◆ Data section:
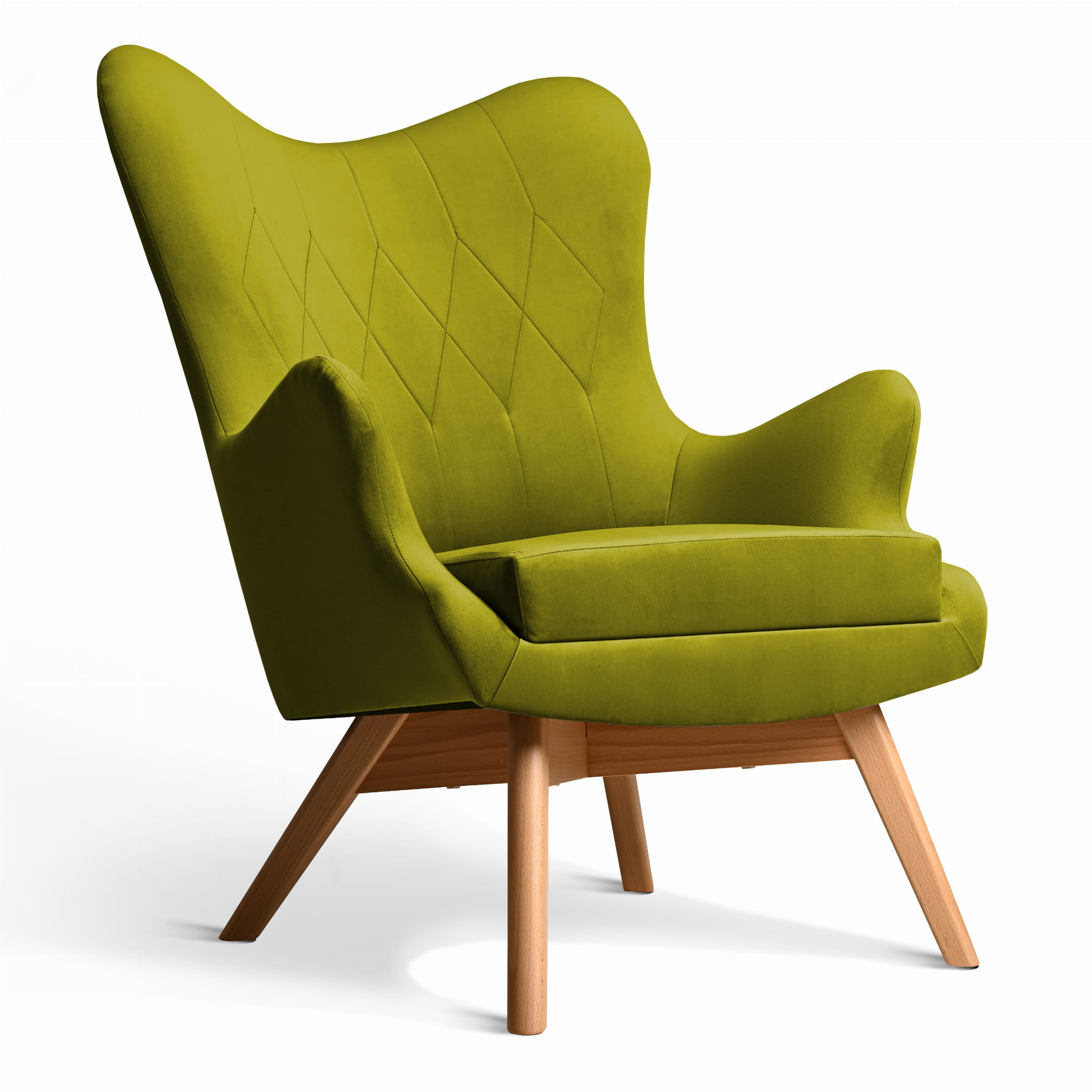 Fotel uszak Bergen w kolorze oliwkowym z drewnianymi nóżkami w stylu skandynawskim
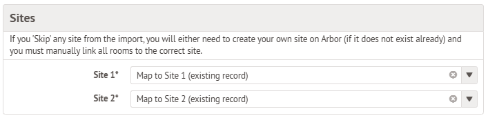 The import wizard creates a new record if no match is found in Arbor. Use the dropdown to map to a different record or skip the import (Note: Skipped sites or rooms will not be imported).
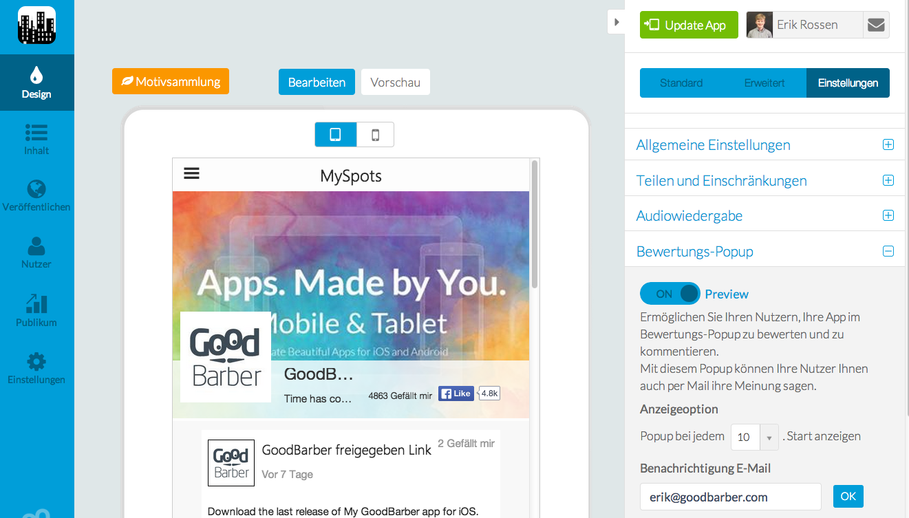 Letzte Woche haben wir Ihnen den neuen "Kontakt" Bereich vorgestellt. Heute sind wir stolz, Ihnen unsere neuen integrierten Popup vorzustellen, der Ihre Nutzer dazu auffordert, Ihre App zu bewerten.
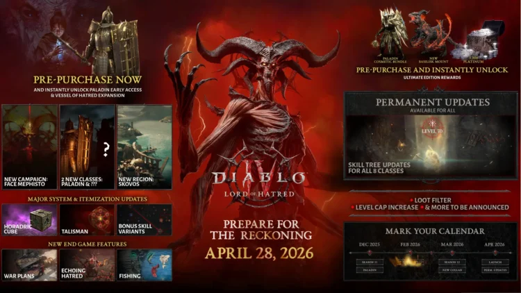 A kiegészítőt már most előrendelheted és korai hozzáférésben azonnal játszhatóvá válik a Paladin karakterosztály, hogy aztán egy újabb osztály váljon elérhetővé a 2026. április 28-i megjelenéskor, a Diablo IV további jelentős frissítéseivel együtt.
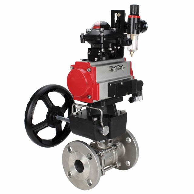 Válvula de bola de acero inoxidable Elephant ksfpt-316-180-da-4m310-110/220v-apl210n-hdm-afc2000, material del cuerpo - acero inoxidable AISI 316, material de la bola - acero inoxidable AISI 316, sello - PTFE, actuador neumático operado
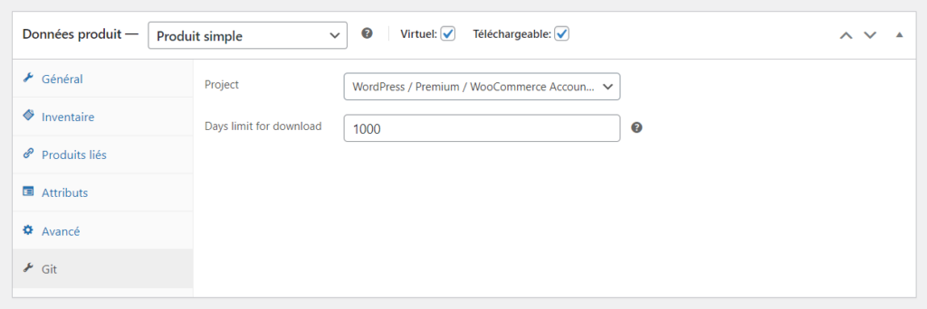 Créer ou modifier un produit : si votre produit est « virtuel » et « téléchargeable », vous verrez apparaître un nouveau menu « Git ».
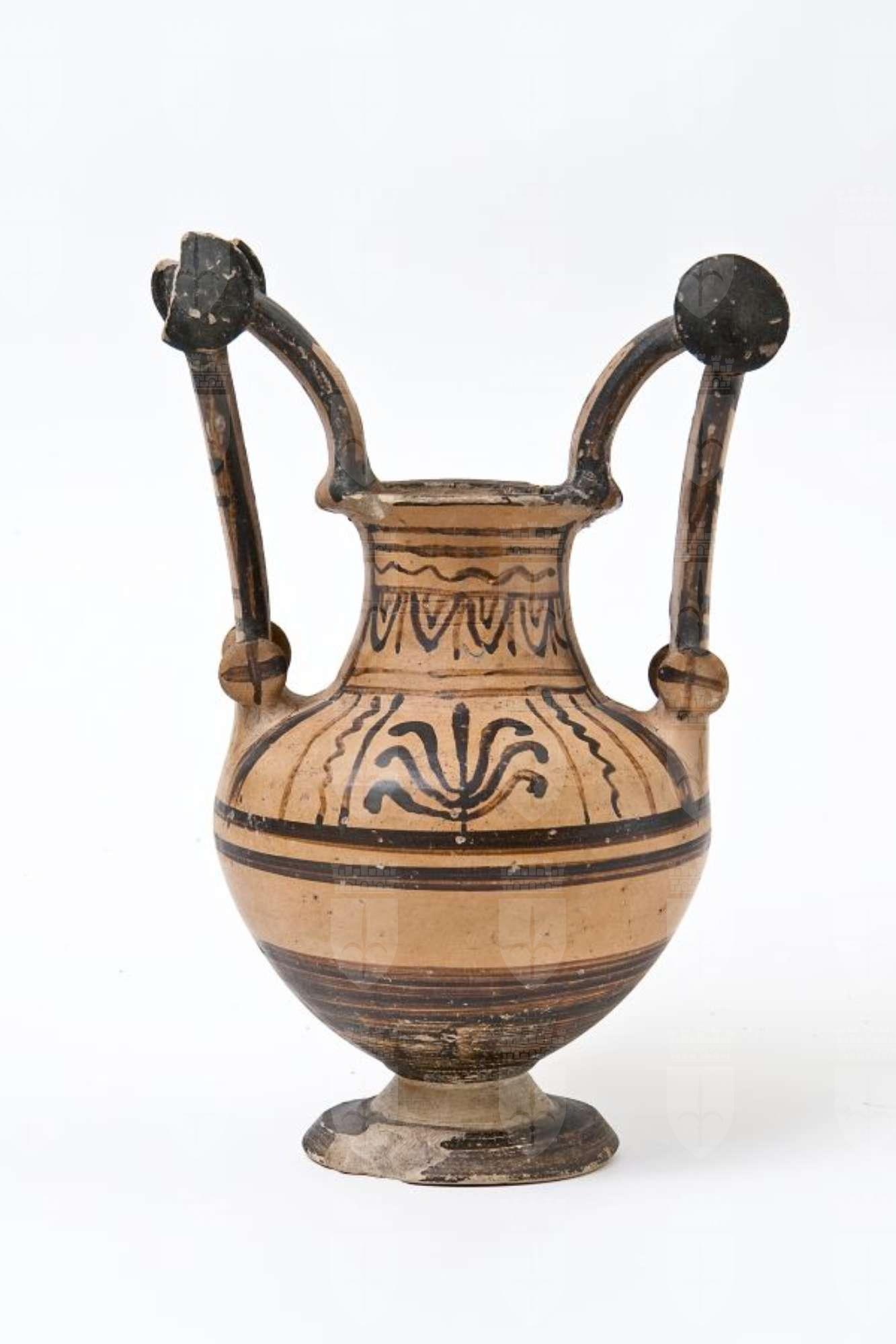Trozzella in ceramica messapica. Orlo estroflesso, alto collo troncoconico, a profilo concavo, corpo allungato a profilo ovoidale, con anse verticali sormontanti, impostate sull’orlo e sulla spalla, provviste di doppia coppia di dischi (“trozze”), di cui quelli superiori sono di dimensioni maggiori; alto piede troncoconico e spalla distinta. Decorazione monocroma in bruno-nerastro su fondo rosso, con piede, interno dell’orlo e anse dipinti in nero-brunastro; sul collo, pannello con linee orizzontali tremule, ovoli e lunghi pendenti; sulla spalla, un ramo d’edera con corimbi su un lato, mentre sull’altro un pannello con al centro un’antefissa a palmetta e linee tremule verticali ai lati. Nella parte inferiore del corpo, fasce parallele; sulle anse, tratti; dischi superiori dipinti, sui dischi inferiori linee incrociate.

◆ What is being asked:
Copy exactly, and copy nothing else: the lines from the start of the data above through the line that holds "The import wizard". The pictures stay out.

◆ Answer below:
 Fotel uszak Bergen w kolorze oliwkowym z drewnianymi nóżkami w stylu skandynawskim
 The import wizard creates a new record if no match is found in Arbor. Use the dropdown to map to a different record or skip the import (Note: Skipped sites or rooms will not be imported).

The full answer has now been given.